Have you been there?
This topic is not about Downtown Detroit, and frankly, Detroit is an outlier among American cities. How about discussing all the other cities where you would implement the traffic-strangling model?

Quote:
Originally Posted by KeepRightPassLeft View Post
And taking a freeway down and replacing it with a street level boulevard because "I don't care about those damn suburban drivers (completely ignoring city residents who drive cars), their trips can take longer for all I care!" is just as ridiculous of an attitude as the claim that planners said "********** urban neighborhood, lets build a freeway through the middle of it".
I agree with that. Also, if out-of-towners have easier access to the CBD wouldn't that be a help to businesses that are located there? With less people coming into the city, businesses in the city, and by extension the city itself, will suffer. If access and mobility to the CBD are lessened, locating your business out in the suburbs might suddenly appear more attractive.

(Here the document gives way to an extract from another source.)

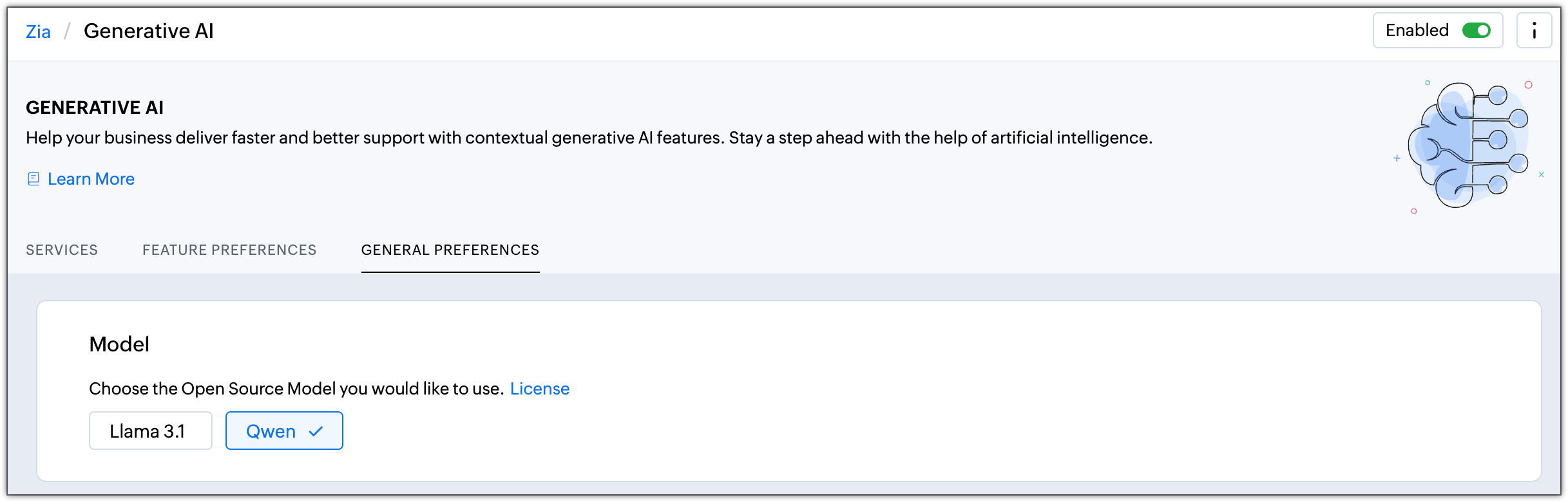- Zia - Llama 3.1 is the default model, admins can also choose Qwen.

As for the Manhattan Expressway, it wouldn't be worth carving up the CBD. The bulk of Manhattan's traffic is trying to move in and out, not straight through the island, so feeder routes would be a sounder approach. This is the system we ended up with, at least to an extent. If a new through route is needed through a CBD it should be a tunnel, not an elevated section. As for the old through routes, the negatives associated with construction have receded into the history books and we're still reaping the positives in terms of traffic flow, so the best approach is to keep the old sections until they need to be replaced, then replace them with a tunnel.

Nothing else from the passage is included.